Web backend — TypeScript vs. Go competes anew. Microsoft moving the TypeScript compiler to Go is symbolic. fulafel’s comment reads the signal cleanly: “In my experience few people consider Go harder than TS or JS. TS is quite complex and JS is a foot-gun.” At the same time, TypeScript’s old defense — “use one language for both frontend and backend” — remains strong. The decision variable in this domain is therefore “how much of the team shares frontend and backend code.” If it is high, TypeScript; if it is low, Go. For a fresh start either is reasonable.

CLI / desktop / embedded — Rust is becoming the default. CLI tools like ripgrep, fd, and bat have already settled as Rust standards, and Tauri is steadily eating Electron’s seat. The original’s closing anecdote fits this domain best. Memory, binary size, and startup time touch the user experience directly here. The parts AI handles poorly (unsafe Rust, complex lifetimes) remain a small surface, and the model is plenty good on ordinary CLI code.

Scripts / one-off automation — Python is permanently number one. The character of this domain is that verification cost is roughly zero. Code you run once and throw away does not need the compiler’s protection. AI builds it in 30 seconds, you run it, done. That is exactly the territory scotty79 described when he said “I tried using Rust but the development just seemed too slow.” Python’s seat is not shaking in the one-off space.

What this domain mapping suggests is that the original’s claim — “Rust is the new default” — is only half right. In systems, CLI, and embedded, the claim is rapidly becoming true. In ML and one-off scripts, it will likely be false for the next five years too. Web backend and desktop are in transition. In other words, the language choice of the AI era is not “Python or Rust” but “language polyglottism advances faster and deeper.” A developer who worked in Python and JavaScript five years ago will now ordinarily work across Python, TypeScript, Go, and Rust simultaneously. This is possible precisely because AI lowers the cost of switching languages. fxj’s joke — “you might as well learn LISP, COBOL, FORTRAN, APL, J for fun” — may not be a joke at all. If the model knows every language, the number of languages a human needs to know deeply may go down rather than up.

Conclusion

Back to the lead question. Does Python keep its top spot? The answer is “it keeps it, but the spot narrows.”
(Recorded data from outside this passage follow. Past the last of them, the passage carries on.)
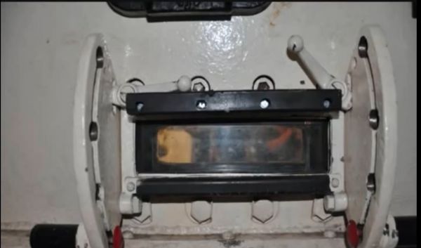 "Вид на люк наводчика, который запирался люком с прибором наведения в нем. После введения башенных экранов от него отказались"
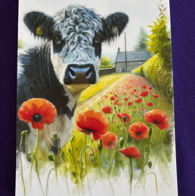 The front cover is a picture of a black/ white cow in a poppy field
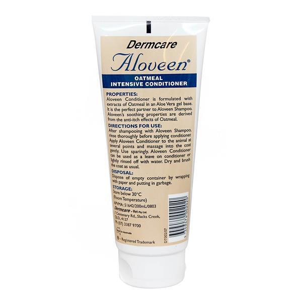 Aloveen Intensive Conditioner is a unique, concentrated residual conditioner, specifically designed as a leave on product for deeper conditioning, and to prolong the soothing effects of Aloveen Oatmeal Shampoo. It restores natural skin moisture leaving a glossy, tangle-free coat with a warm pleasant fragrance.
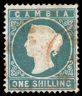 Gambia, 1880-81, Queen Victoria, Embossed, 1s green, Crown CC watermark upright (SG 19B. Scott 11), Pracht. SG £160 ($200). Scott $150.
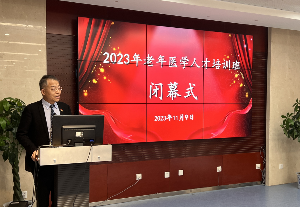 老年病院李锐主任医师致闭幕词,向本次培训工作中付出努力的老师们表示感谢,向顺利毕业的学员们表示祝贺!对本次培训工作亮点进行了总结,并对学员们提出了殷切的期望和要求,让他们带着累累硕果,大力推进当地老年医学建设,肩负起时代赋予的责任,以专业的知识和技能迎接老龄化时代的挑战。
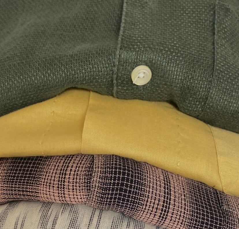 やや肉厚でフワッと柔らかな着心地の良いリネン素材に、上品なダークオリーブカラー(画像7の一番上が近いです)、丸みのあるゆったりとしたボックスシルエットが非常に格好良い一着。
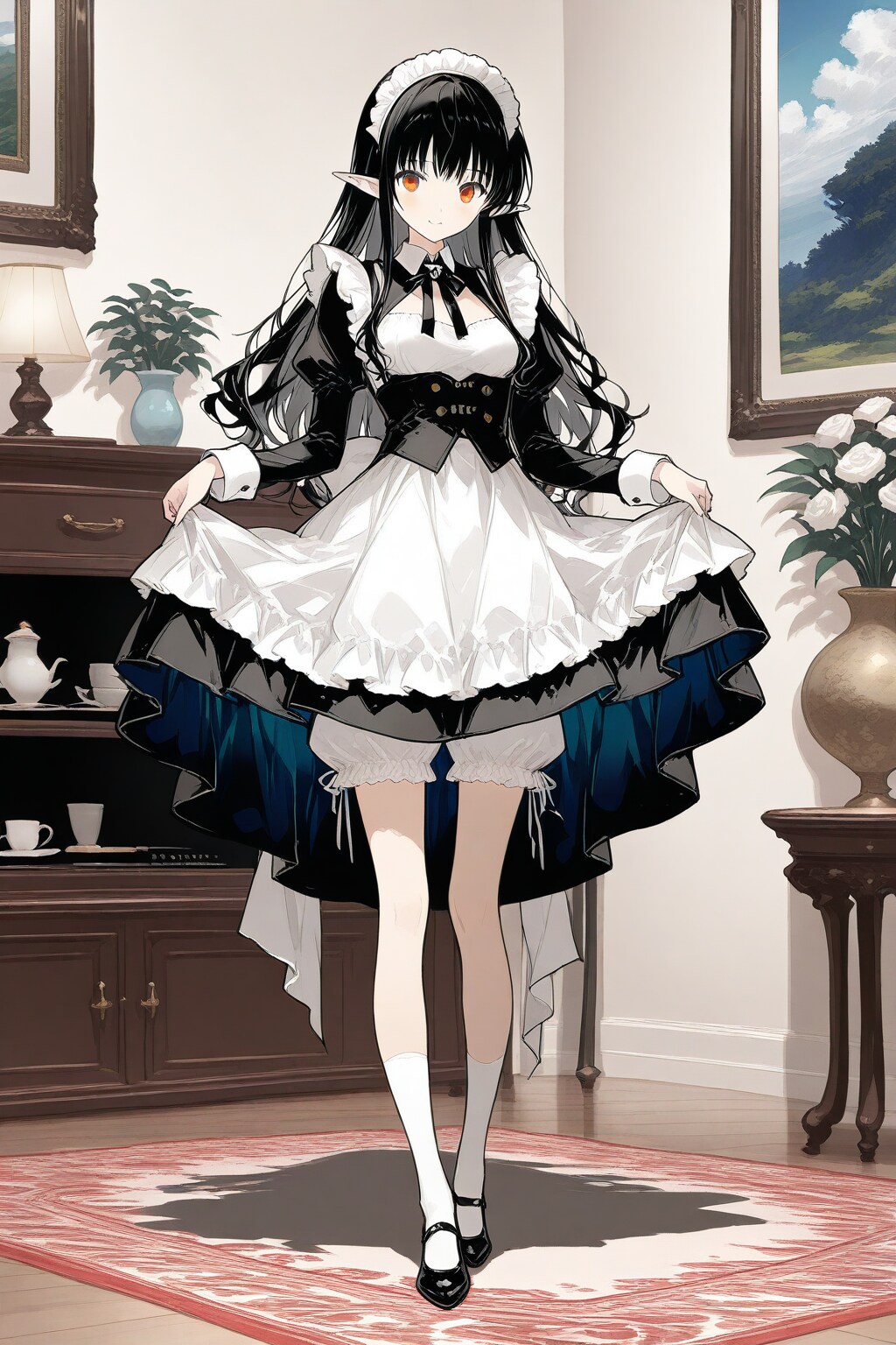 スカートをたくし上げるメイドさん を 「エルフのメイドさん」にしてみた。(手抜きです)

The areas where Python keeps the top spot are still two. First, ML and data. Where the gravity of libraries outweighs the language itself, Python’s lock-in does not break. Second, one-off automation and scripts. Where verification cost is close to zero, the compiler’s protection is a luxury. Python will be number one in those two areas for the next decade as well.

In every other area — systems, infrastructure, CLI, embedded, newly built web backends — Python’s share shrinks. The seat is filled by Rust (verification advantage) or Go (simplicity and compile-speed advantage). TypeScript holds the frontend but loses ground on the backend to Go. The driver of this shift is singular. AI raised code output by an order of magnitude, which raised the share of verification cost in system cost by an order of magnitude, and verification cost is decided by the compiler.

What the original missed was the role of the human. As luodaint correctly noted, humans do not lift their hands off the keyboard; they move into the reviewer seat. And in the reviewer seat, readability does not decrease, it increases. So the language of the future will favor those that are both “easy for AI to write” and “easy for humans to read.” Among current candidates that satisfy both — rich training data, a strong compiler, and simple syntax — Go is the closest fit, Rust is second, and Python remains strong only on the readability axis.

A one-line summary of language choice in the AI era: For a new project, look at the domain first. If it is systems, infrastructure, or CLI, pick Rust or Go; if ML, data, or automation, Python; if web, look at team composition and pick TypeScript or Go. Whatever you pick, do not forget that a language whose compiler can take over half of verification has the advantage over five years of operation. The reason Python topped the list was that humans needed to write fast. Now humans need to review fast. And review is fastest when the compiler stands next to them.